Sanchez v. HHS, (Fed. Cl. Spec. Mstr. Feb. 17, 2016) (Moran, SM)
Petitioner moved for interim fees pre-hearing. The special master found that a reasonable basis existed at least through the point in time where genetic testing was obtained on the child, and awarded fees through that date. Respondent challenged reasonable basis notwithstanding that Petitioner had multiple experts and was ready to try the case.
What this case adds to the law of reasonable basis is this: Respondent now characterizes the showing required for reasonable basis as “petitioners must show that they filed a claim that was supported by the medical records [meaning a treater opinion on causation] or by a medical [expert] opinion.” This is based on the “some evidence” test announced by Special Master Moran in Graham, but not (yet?) followed by other special masters.
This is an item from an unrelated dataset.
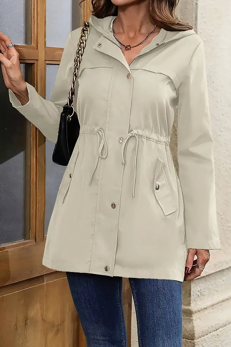 - Model ima udoban kroj, kapuljaču, vezice u struku, dugmad i džepove.

The alternate totality of circumstances test crafted in Chuisano is not mentioned in this opinion.
Here, Respondent argued that not even the expert opinion supported reasonable basis, because it relied on factual information from the parties’ affidavits that was disputed. However, the special master found that was in keeping with long-standing program practice. However, once findings of fact were made, the expert had to rely on those facts. The discovery of genetic mutations and the diagnosis of Leigh’s syndrome complicated the assessment of the reasonable basis, after that point in time, thus the special master deferred on the issue of reasonable basis from that point forward.
In a separate holding, the special master found that 30 hours of legal research prior to filing the petition was excessive and to some extent premature. He awarded only five hours, the amount of time he thought needed for counsel to reacquaint herself with seizure cases and to consider how her case compared and contrasted with them.